──────── Material provided

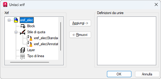 Sposta nell'elenco Definizioni da unire le definizioni dell'oggetto con nome selezionate nell'elenco Xrif.
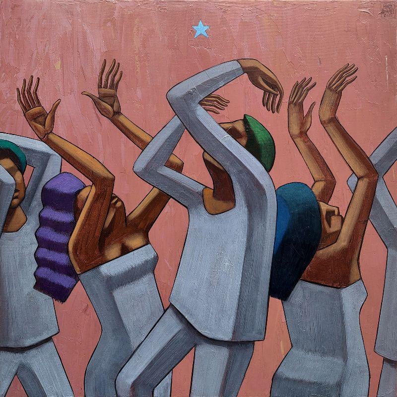 The sun, stars, and birds make an appearance in a few of the paintings, breathing life into the collection and suggesting the figures are, in fact, outside. In some pieces, the figures look up longingly to the starry or sunny sky, in others, they dance in an almost spiritual appreciation of the great outdoors. And in yet others, they simply appear at peace.
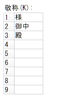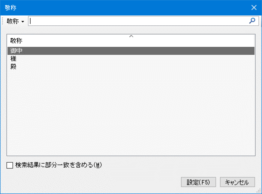 敬称の入力時、入力欄右の参照ボタンをクリックすると敬称参照画面が開きます。

────────────────

About this task:
Skipping the images, write out the whole listing exactly.

Response:
 Sposta nell'elenco Definizioni da unire le definizioni dell'oggetto con nome selezionate nell'elenco Xrif.
 The sun, stars, and birds make an appearance in a few of the paintings, breathing life into the collection and suggesting the figures are, in fact, outside. In some pieces, the figures look up longingly to the starry or sunny sky, in others, they dance in an almost spiritual appreciation of the great outdoors. And in yet others, they simply appear at peace.
 敬称の入力時、入力欄右の参照ボタンをクリックすると敬称参照画面が開きます。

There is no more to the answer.